The antisaccade task requires the inhibition of a reflexive saccade toward an abrupt peripheral stimulus, and the rapid generation of a saccade to its mirror position. Accumulating evidence (see Derakshan & Eysenck, 2009) indicates that anxiety results in longer antisaccade latencies, supporting the prediction that anxiety impairs inhibition and efficient top-down attention regulation. However, any observed variance in antisaccade performance permits interpretations of inhibition and saccade generation, questioning direct inferences about these processes in isolation. The current study used a “delayed” antisaccade task where participants were instructed to maintain central fixation despite the onset of the abrupt stimulus and only generate an antisaccade upon hearing a tone. Here, impaired performance reflects a weakness in volitional saccade generation as the simultaneous need to inhibit is eliminated by the delay. High-anxious individuals exhibited comparable antisaccade latencies to low-anxious ones when the delay was introduced suggesting that longer antisaccade latencies previously observed in the high anxious cannot be attributed to impairments in volitional saccade generation, i.e., action control.

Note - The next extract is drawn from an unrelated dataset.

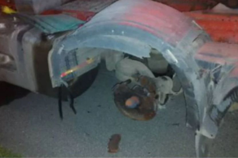 SEORANG wanita tersepit di tempat duduk hadapan selepas kenderaan yang dinaiki merempuh tayar sebuah lori tangki yang tercabut, dalam kejadian pada Isnin malam.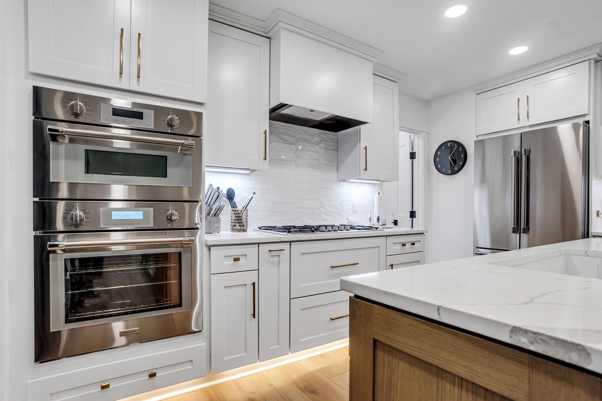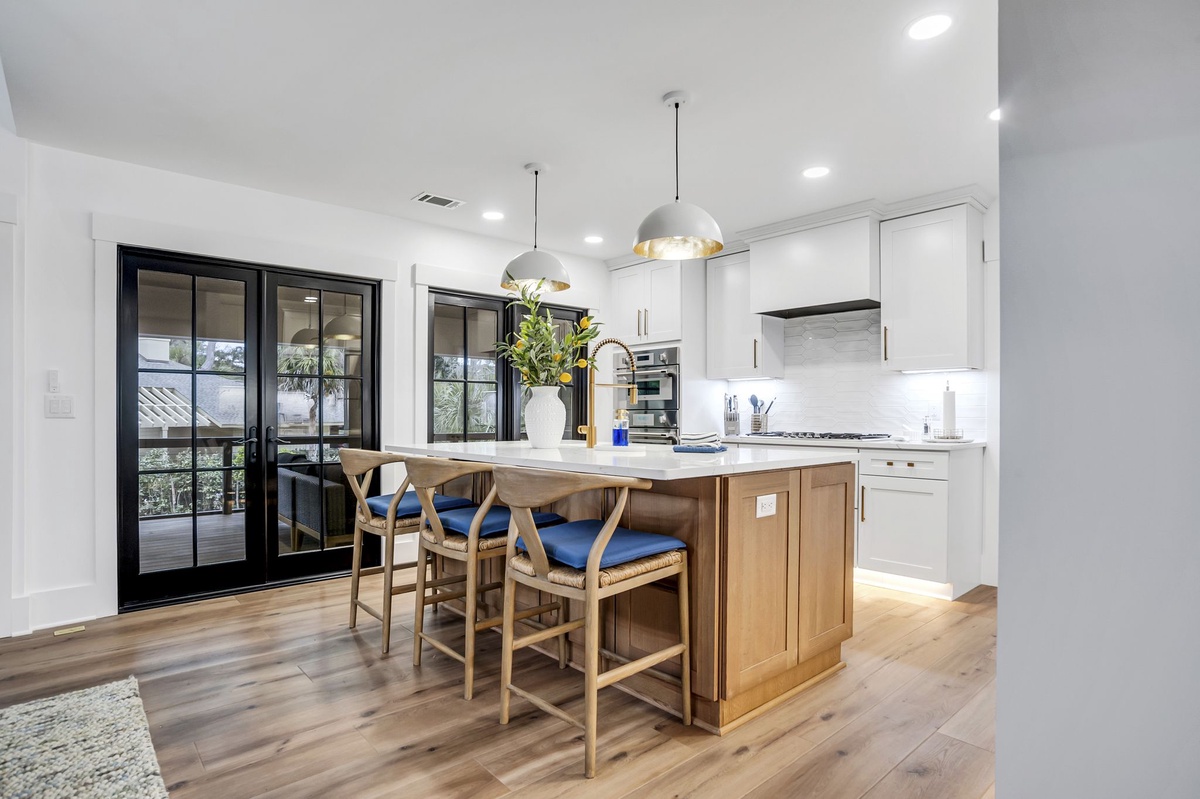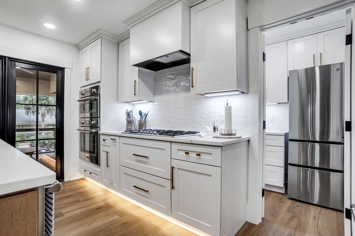 This generous open concept main living space leads you to the upscale kitchen, with white cabinets and clear white tilework, creating a cloud-like visual. All appliances are stainless steel, including a 6-burner stove and double oven. Enclosed on the back side of the kitchen is a Butler’s pantry, with an extra full-sized refrigerator. Bar stools are counter height to suit all ages.

The findings suggest that anxiety affects inhibition but not volitional action generation.

Notes

1Consistent with Reuter et al. (2007) and Derakshan, Salt, and Koster (2009) we did not include the SP condition in the analysis as it contained very few errors. The current experiment showed that the low-anxious group had a mean error rate of 0%; and the high-anxious group's mean error rate was less than 1%. The SP condition does not involve any component of inhibition as there is no competition between stimulus-driven and top-down processes in this task.